In late 1975, unrest in Lebanon caused a group of influential Maronite Australians to approach Australian Prime Minister Malcolm Fraser and his immigration minister, Michael MacKellar regarding the resettling of Lebanese civilians with their Australian relatives. Immediate access to Australia could not be granted under normal immigration categories, thus the Lebanese people were categorised as refugees. This was not in the traditional sense as the Lebanese people were not fleeing from persecution but escaping from internal conflict between Muslim and Christian groups. This action was known as the "Lebanon Concession".
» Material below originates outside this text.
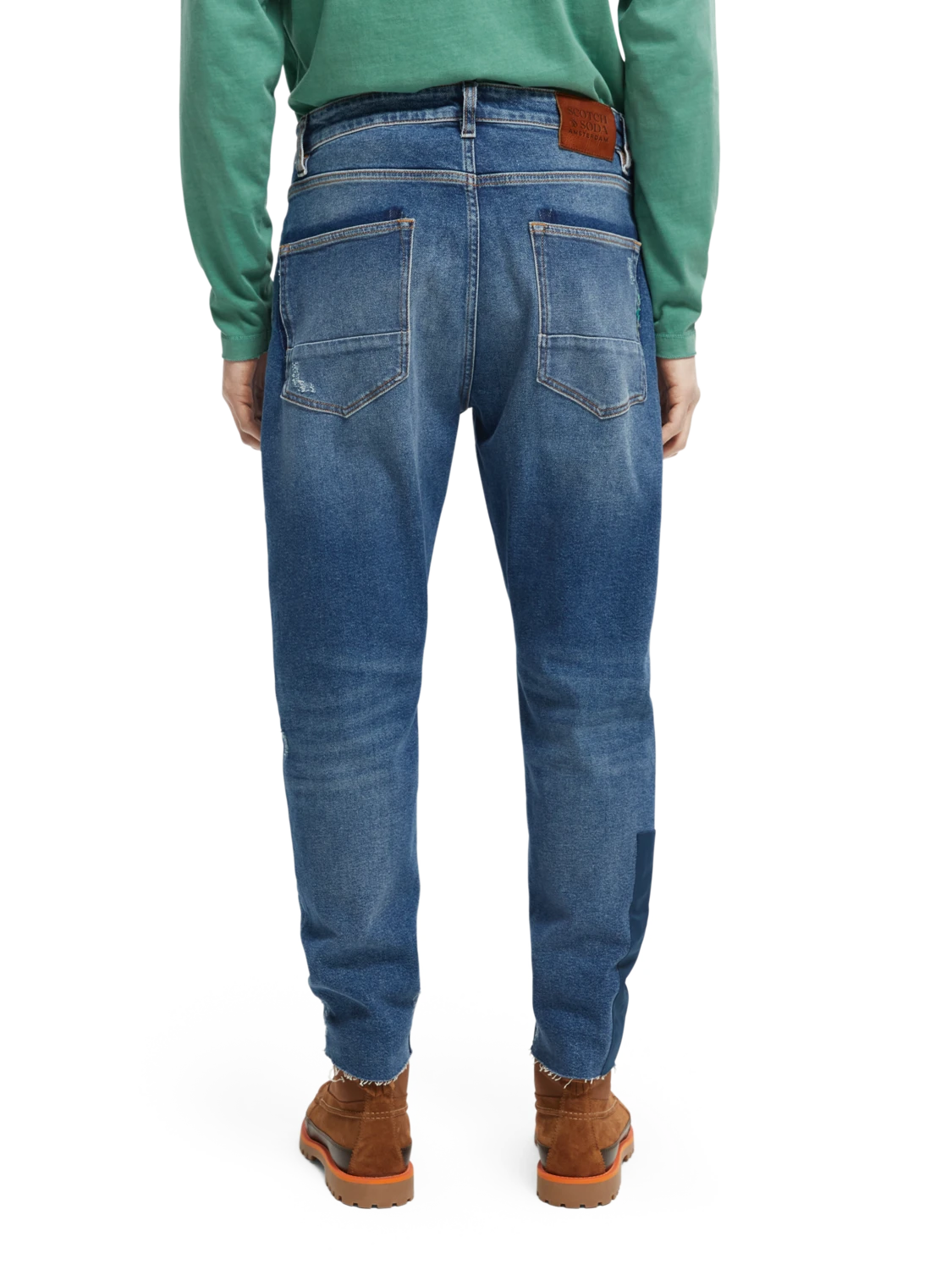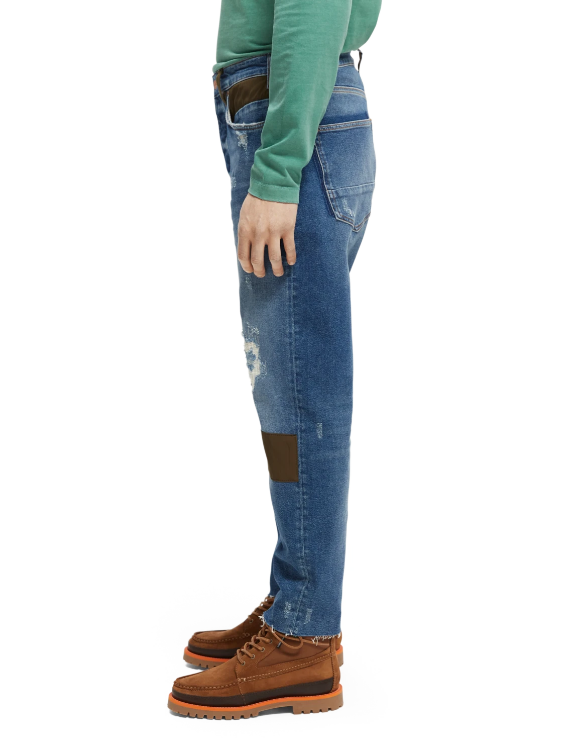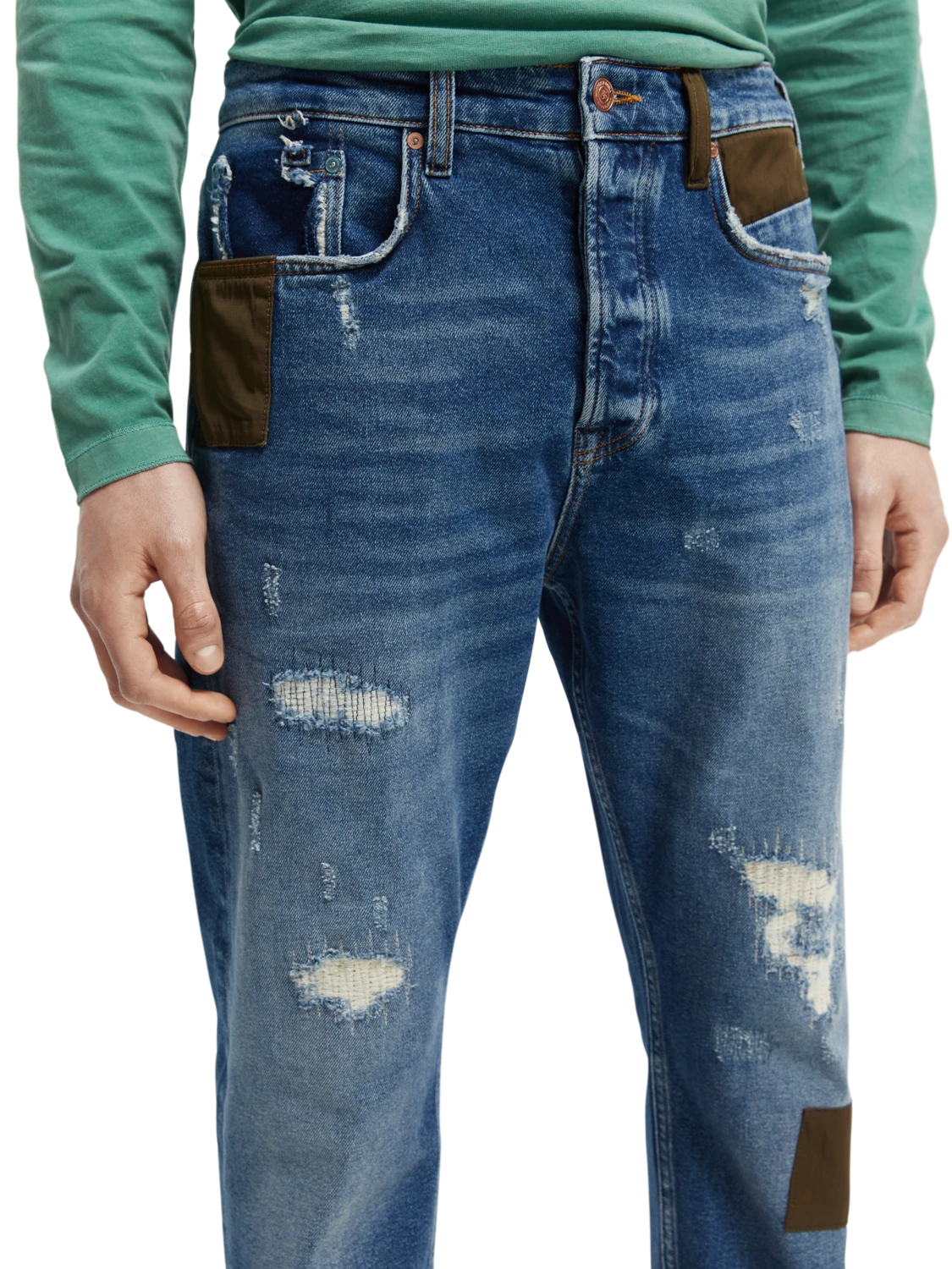 The Dean is our loose tapered-fit jean – with a wide-leg from hip to thigh that transitions into a more tailored ankle. Washed in a mid-blue tone with patchwork and distressed detailing, this relaxed style is finished with large back pockets and a button fly.

Between 1975 and 1990, more than 30,000 civil war refugees arrived in Australia. Most immigrants were Muslim Lebanese from deprived rural areas who learned of Australia's Lebanon Concession and decided to seek a better life. They were Sunnis from northern Lebanon and Shias from southern Lebanon as Christian and Muslim Lebanese were unwilling to leave the capital city, Beirut. Immigrants of the Lebanese Concession primarily settled in south-west Sydney; Sunnis in Lakemba and Shias in Arncliffe.
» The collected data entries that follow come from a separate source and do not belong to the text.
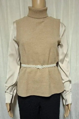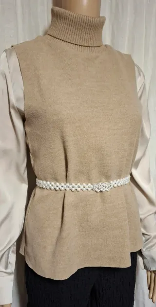 Maglione senza maniche Zara con collo alto. - Tessuto morbido e comodo. - Dettaglio cintura perline bianca. - Nuovissime senza cartellino.
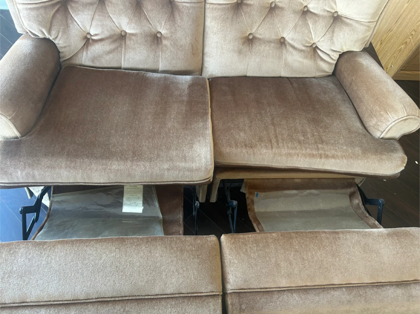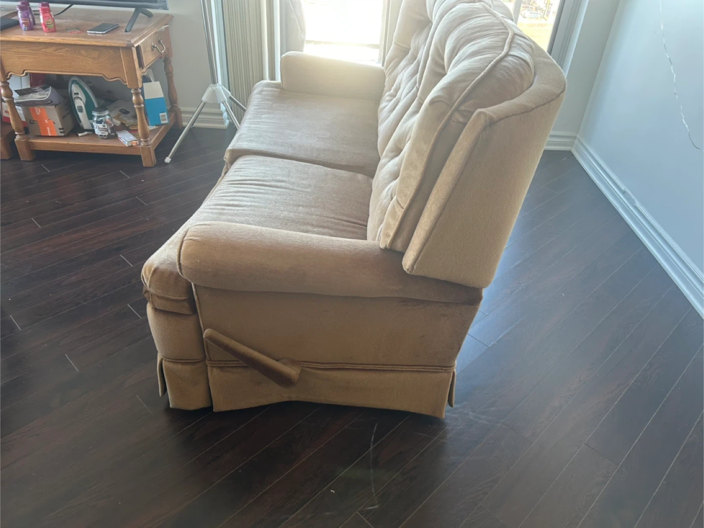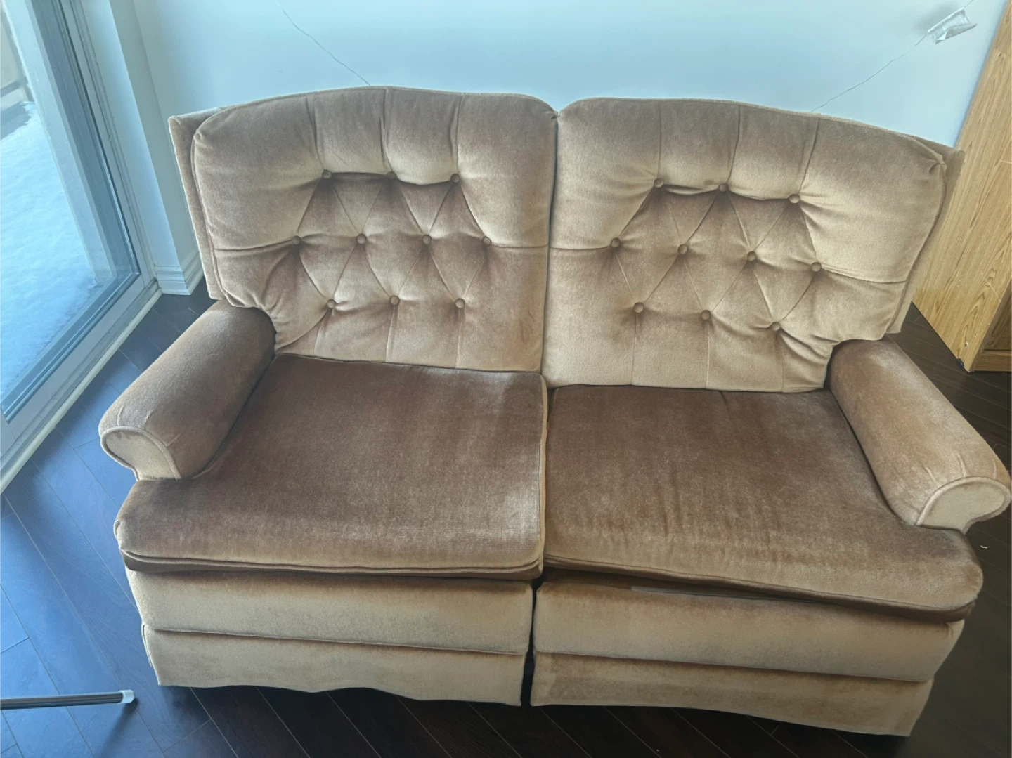 2 seater recliner couch . Bought from a thrift store for $120 last June. Height- 32.5 inches, length 5 feet, width ( before reclining)- 28.5 inches, width ( after reclining)- 49 inches.
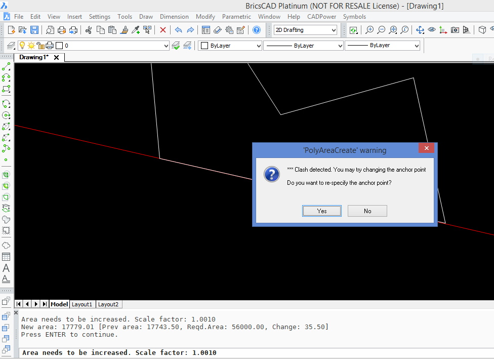 Clash Detection: Often, when you increase the area of a polygon by incremental amounts, it is necessary to stop when an adjoining polygon boundary is reached. This is enabled by Clash Detection. When enabled, the command stops when the polygon touches a neighboring polygon, line or arc boundary. At this point, you have the option to change the anchor point and re-scale the polygon in a different direction or accept the existing one and exit the command.
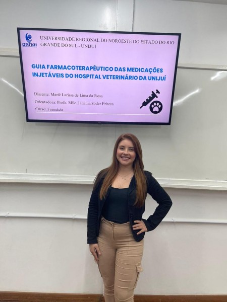 A recém-formada no curso de Farmácia da Unijuí, Mariê Larissa de Lima da Rosa, concluiu sua jornada na graduação através do desenvolvimento de um guia farmacoterapêutico de medicamentos injetáveis para o Hospital Veterinário da instituição, no seu Trabalho de Conclusão de Curso (TCC).

In November 2016, Immigration Minister, Peter Dutton said that it was a mistake of a previous Liberal administration to have brought out Lebanese Muslim immigrants.

====Health and welfare====

Under the Fraser government, both expansions and restrictions in social services were carried out. New forms of cash support for families were introduced, including the Family Allowance in 1976 and the Family Income Supplement in 1982. Indexation for unemployment benefits was also introduced, while a big expansion in the provision of scholarships for secondary school and university students took place, A Mortgage and Rent Relief Scheme was introduced that helped private tenants in need.
Settlement services for migrants were expanded, and multicultural resource centres were set up (as noted by one study) “to enable ethnic communities and voluntary agencies to cater to the welfare needs of migrants.” Greater levels of support were provided to facilities for homeless, aged and handicapped persons, while various support schemes for young unemployed persons were launched. The coverage of two existing benefits, the Supporting Mother’s Benefit and Handicapped Children’s Allowance, was extended to more people, pension rates were tied to the Consumer Price Index, and financial responsibility for sole parents in the first 6 months of eligibility was introduced.
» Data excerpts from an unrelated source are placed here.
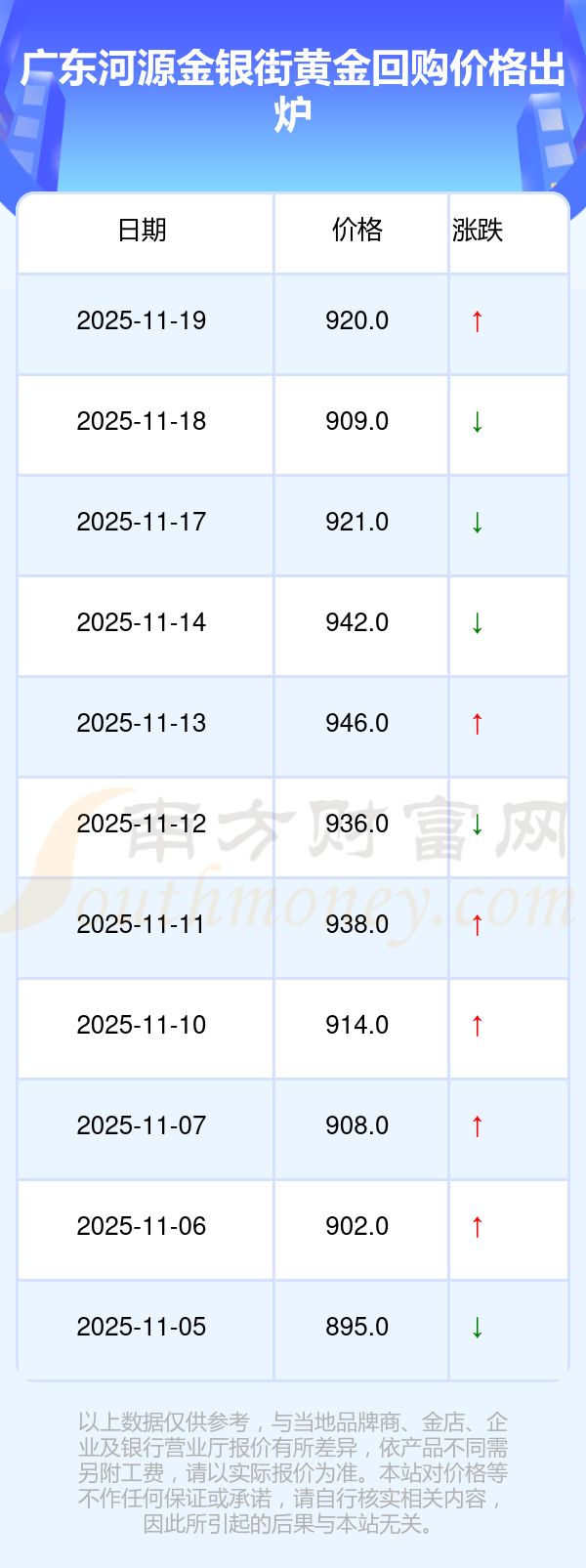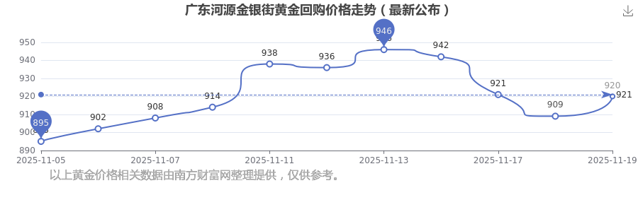 今日广东河源金银街黄金回购价格为920.0元/克。
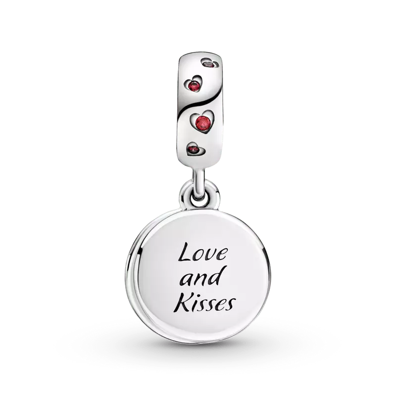 Marque o amor verdadeiro com o Disney Mickey Mouse & Minnie Mouse Love and Kisses Dangle Charm. Feito à mão em prata de lei, a moldura frontal aberta inclui a silhueta de Minnie Mouse. O disco traseiro apresenta detalhes do Mickey Mouse e esmalte transparente vermelho e magenta aplicado à mão com corações de prata brilhando através dele. Incluindo a gravura “Love and Kisses”, pedras vermelhas em forma de coração decoram a fiança. O presente ideal para simbolizar o seu romance, os personagens se beijam quando os pendentes são colocados juntos.
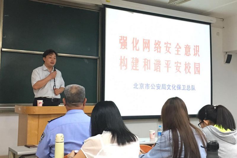 9月21日下午,研究生院和网络中心共同主办的学校网络安全宣传周主题讲座在阜成路校区举行,北京市公安局文化保卫总队网安大队段继亮政委以“强化网络安全意识,构建和谐平安校园”为题,为我校研究生进行了精彩演讲。方德英副校长出席活动并讲话。研究生院熊慧副院长以及研究生辅导员等参加了报告会,讲座由网络中心主任李海生主持。
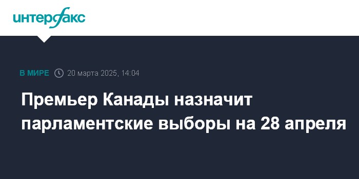 Москва. 20 марта. INTERFAX.RU - Премьер-министр Канады Марк Карни в воскресенье объявит о намерении провести парламентские выборы 28 апреля, сообщает в четверг газета The Globe and Mail со ссылкой на источники.
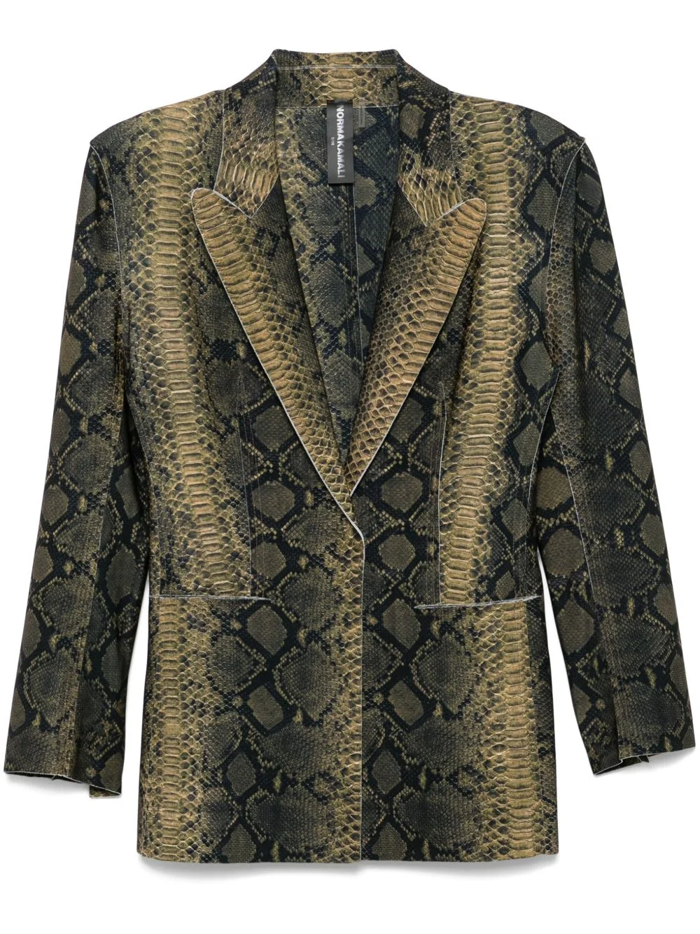 single-breasted blazer Highlights - Green - Two side slash pockets - Shoulder pads - Snakeskin print Imported Composition Polyester 95%, Spandex/Elastane 5% SIZE & FIT Model measurements Height 5 ft 10 in(1.79 m) Bust/Chest 31.88 in(81 cm) Hips 35.43 in(90 cm) Waist 23.62 in(60 cm) FittingInformation Designed for a slim fit that sits just away from the body offering a close yet comfortable fit The internal shoulder pads offer a structured shape Made from a midweight stretch fabric, this piece offers elasticity and flexibility when worn Washing instructions Machine Wash

On the restrictive side, big reductions in public housing expenditure were carried out while cuts in unemployment benefits were made, such as the abolition of indexation for those over the age of 18, and restrictions on eligibility for these benefits were carried out. A crackdown on invalidity pension eligibility criteria was also made, while labour market programmes were cut. In addition, the real value of benefits for various groups fell, while the Maternity Allowance (a benefit that had been around since 1912) was brought to an end. The Medibank healthcare system set up under the previous Whitlam government was also ended. Taxation of social security pensions and benefits was also introduced while tuition fees for second and higher degrees were reintroduced, and cuts were made in subsidies for aged persons homes, child care services, grants for senior citizens centres, and spending on sickness and unemployment benefits and on legal aid.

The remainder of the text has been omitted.